Your Place or Mine? is an American television game show that ran for six weeks on TLC. It was hosted by Cameron Mathison. The show merges the traditional game show format with makeover reality television series.

Each episode featured two families competing to win several completely furnished rooms (e.g., a bedroom set or a fitness room) for their respective homes. Designated locations in each house needing an overhaul are identified prior to the show and shots of both are shown as the "before" images. Although the furnishings were the same regardless of which family wins a room, the two physical rooms were unlikely to be similar, so a designer presumably came up with a layout which would work for each in advance.

==Gameplay==
The game is played by correctly answering a toss-up trivia question in order to establish control of a category, after which additional questions in that same category earn points for the controlling family. Families can continue to answer questions as long as they have control, but lose control as well as any earned points if they answer any question incorrectly. Families can also elect to "lock" any points they have by ceding control after any correct answer.

Once a family earns enough points to win the round, they win the corresponding furnished room. In pseudo-real time, co-host Diane Mizota is shown leading a crew of movers into the winner's home to immediately remove the old furnishings and install the new ones. This finishes during a commercial break, after which the "reveal" for the new room is presented.

The major "twist" in the show is that, when a family wins a room, they have the option of either taking that room, or stealing a room which has previously been won by the other family.
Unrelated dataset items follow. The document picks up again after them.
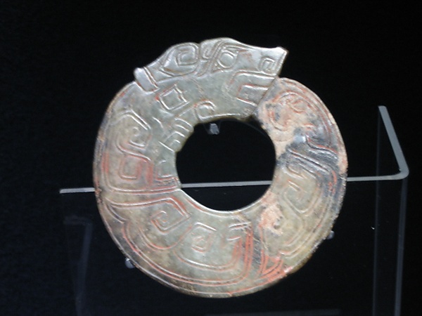 Р. Робертсон и А. Комбс отмечают, что в Древнем Китае уроборос назывался «Zhulong» и изображался в виде создания, совмещающего в себе свинью и дракона, кусающего себя за хвост. Многие учёные придерживаются взгляда, что со временем данный символ претерпел значительные изменения и трансформировался в традиционного «китайского дракона», символизирующего удачу[6]. Одни из первых упоминаний об уроборосе как символе датированы 4200 годом до н. э.. Первые находки фигурок свернувшихся в кольцо драконов относят к культуре Хуншань (4700—2900 до н. э.). Одна из них, в форме полного круга, находилась на груди покойника[25].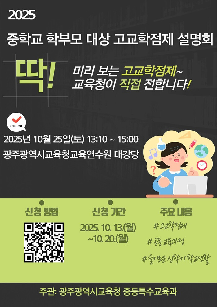 | ▲ 2025 중학교 학부모 대상 고교학점제 설명회 포스터 / 광주광역시교육청 제공 |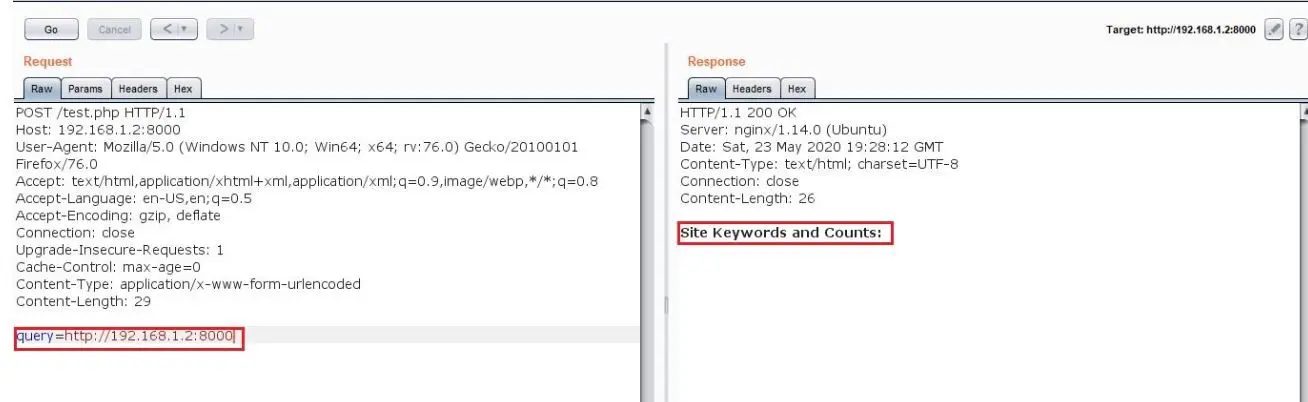 In this step, I am using the Burp Suite tool for intercepting the requests; you can use any intercepting proxy that you are comfortable with. I started by checking the “test.php” file. This can be seen in the highlighted area of the following screenshot.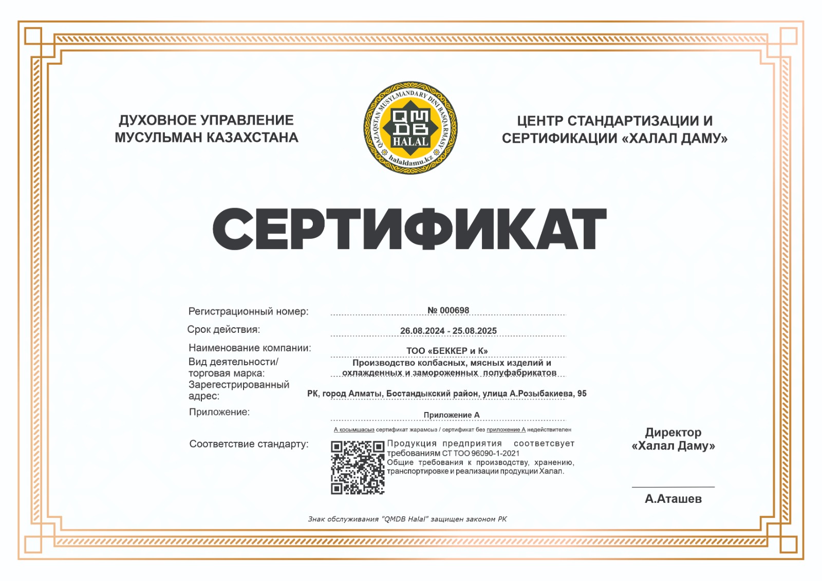 «Беккер и К» кәсіпорнына берілген «QMDB Halal» сертификаты 26.08.2024-25.08.2025 жж мерзімі аралығында жарамды. Мекен-жайы: Алматы қаласы, Бостандық ауданы, А.Розыбакиев көшесі, 95.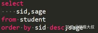 例如:查询学生id和年龄,并先按照学号sid降序,再按照年龄sage升序排列
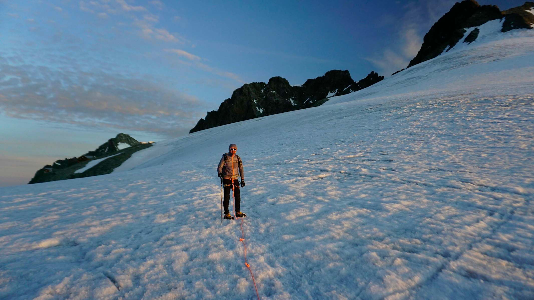 - Ausrüstung: Standard-Gletscherausrüstung, Steigeisen, Pickel, Helm, klettertaugliche, steigeisenfeste Bergschuhe
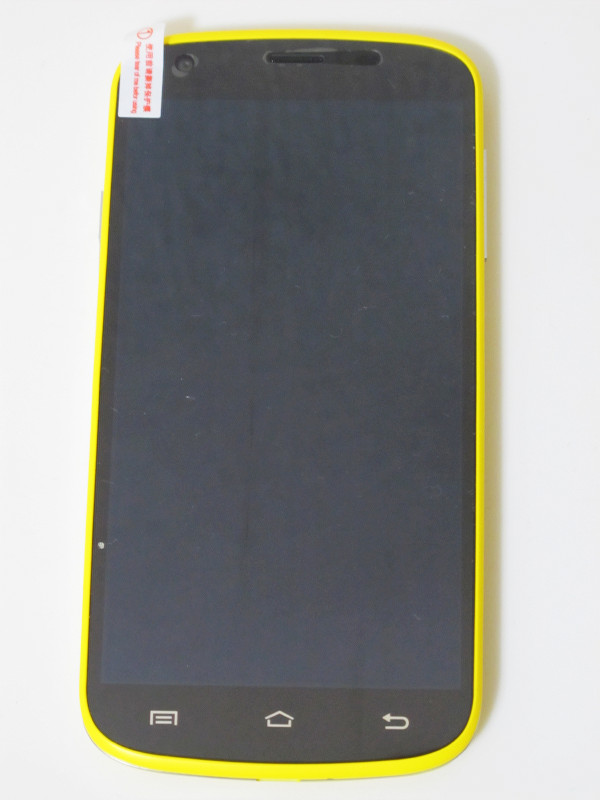 表面は5インチQHD(540×960ドット)のタッチパネル対応IPS液晶や約200万画素CMOSフロントカメラ、通話用スピーカーが配置されており、その他に通話用スピーカーの横に近接センサーがあります。
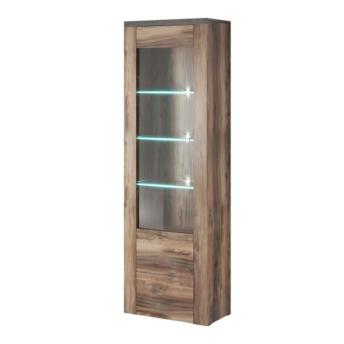 Uska vitrina MALTA prikladna je i za manje stanove kojima je potrebno dodatno spremište i skladišni prostor. U nju možete staviti stvari koje želite imati na vidljivom mjestu. Dostupna je u kombinaciji boja sibirskog ariša i oraha.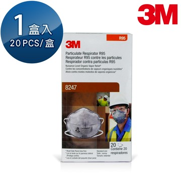 【3M】R95等級工業防塵活性碳成人口罩 微細粉塵 20個/盒 8247 超取限購2盒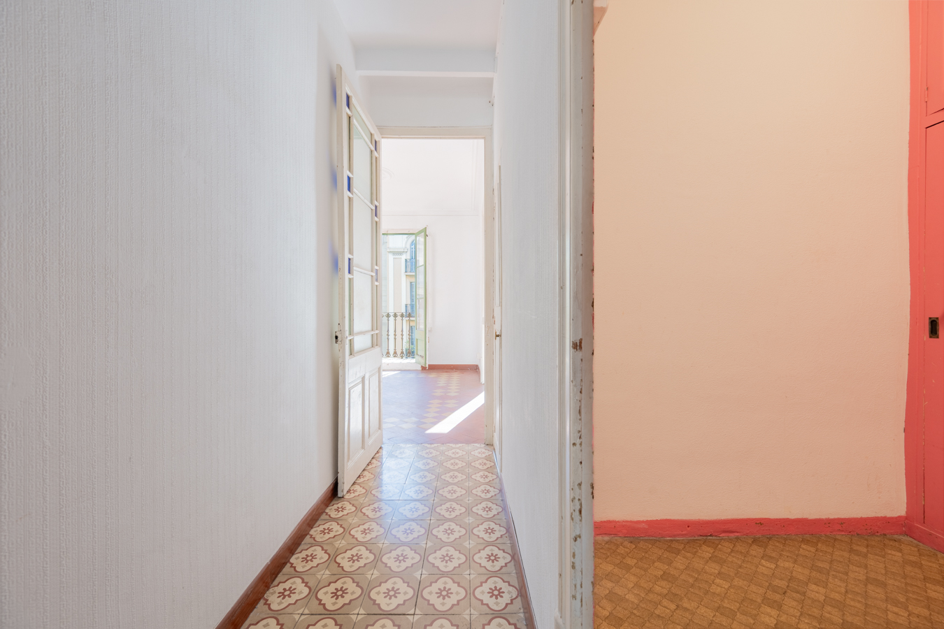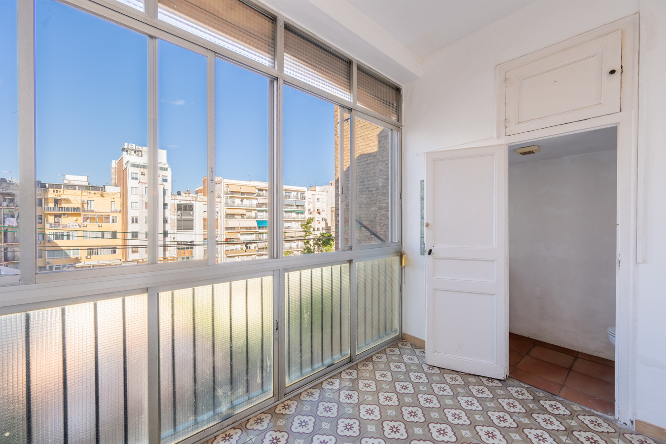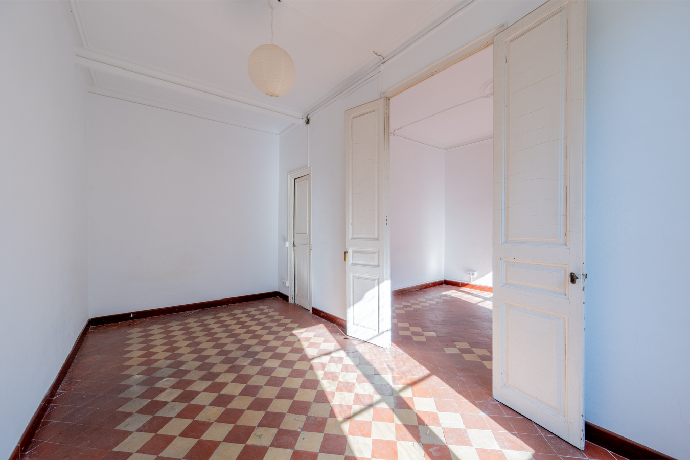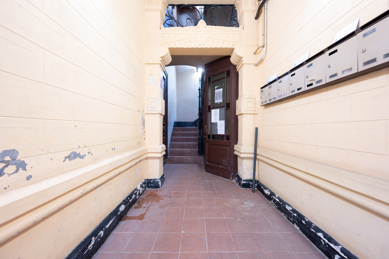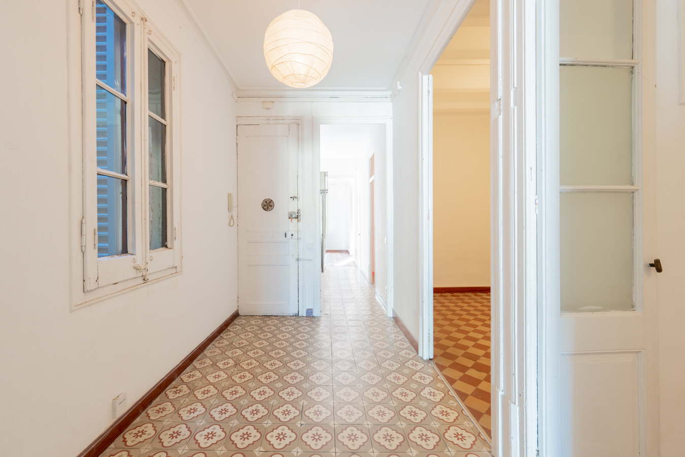 This apartment in need of renovation is located on the 4th floor of a stately building in L’Antiga Esquerra del Eixample, with only one flat per floor. It faces both the street and the block courtyard, making it very bright. It also retains original features from the period in which it was built, such as hydraulic floors, Catalan vaulted ceilings and wooden beams.

If they opt to steal, movers must restore the original room configuration of the victims of the theft, and then move the furnishings into the other house.

At the very end of the show, the family with the most total points plays a bonus trivia round. One member of the family sits in a chair facing away from the rest of the family, and nominates one of the other members to answer a question based on a category given by the host. Up to 5 questions are available, and if the family can answer 3 questions correctly before missing 3, they win a new car.